This implies the establishment of an alliance on the post-Soviet space, above all in its European part, of modern states based on human rights, freedom, respect for your fellow man, the separation of powers, a competitive market economy and a civil society which provides creative opportunities. This is the strategy underpinning the creation of a third global centre of power, a Russian-European centre on level footing with the centres in North America and South-East Asia. And this is what Putin’s politics and the article are seeking to prevent.

 

***

The Russian regime, just like its Soviet predecessor, never asks or warns anyone. In 1979 nobody warned our people about the military invasion into Afghanistan. In 1994 they launched a war in Chechnya, once again without any discussion. They proceeded in virtually the same way in Ukraine and Syria.

And in this sense Putin’s article has yet another separate and special feature: this article was a warning. Even though it was addressed not so much to us as to a notional version of the West, it was published on the eve of what is called elections in our country3, and this makes Russian citizens its active recipients to a material extent. Russia’s citizens will have an opportunity to express their views on the policy proclaimed by the President. We can vote “for”: for Russia’s right to a significant proportion of the territories of neighbouring Ukraine, for a plan to strip Ukraine of its sovereignty and statehood, and accordingly for the opportunity to wage war with Ukraine at any moment in time. This means voting for United Russia, the Communist Party of Russia, the Liberal Democratic of Russia and A Just Russia – Patriots – For Truth.

However, we can also vote against such a policy — for peace, the prospects of mutual understanding with the European Union, for equal and amicable relations with Ukraine and Belarus. And this means voting for Yabloko.
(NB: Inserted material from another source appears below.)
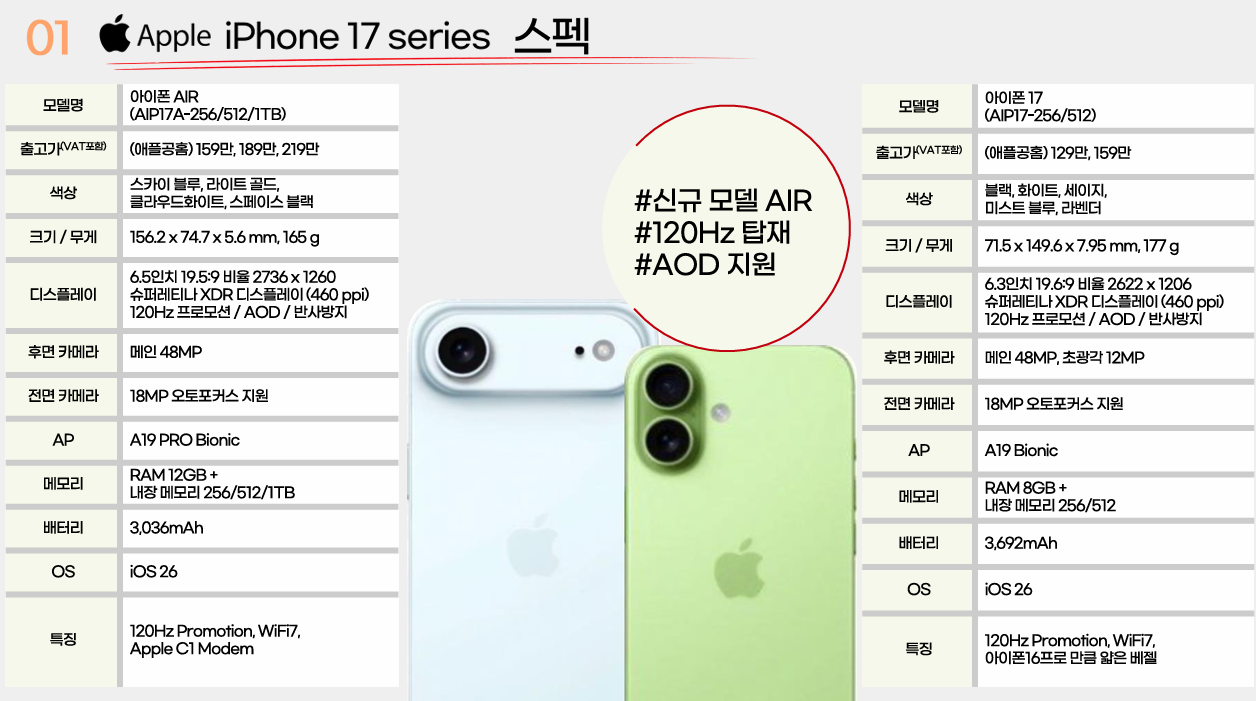 아이폰 17 시리즈가 공개되면서 주목받은 모델 중 하나가 바로 아이폰 17 에어(iPhone 17 Air)입니다. 애플은 이번 세대에서 성능과 가격의 균형을 맞춘 모델을 내세우며, 플래그십과 기본 모델 사이에 새로운 선택지를 마련했습니다.

It goes without saying that the geopolitical and military and political course implemented by Putin will not be contingent on the views of a small proportion of the electorate, all the more so as too much is known in advance about the “results’ of these elections. To engineer a change of course, as many people as possible must vote against a war with Ukraine. However, in the current environment of depoliticization, the utterly abased and despicable state propaganda, dumbing down and falsifications, the majority of the population is deprived of the chance to realise that war might become reality and that this is the underlying message of Putin’s article. At the same time, however, for the time being it is still possible to say “no” to war and chauvinistic expansion, and this opportunity must be used. At least for history’s sake.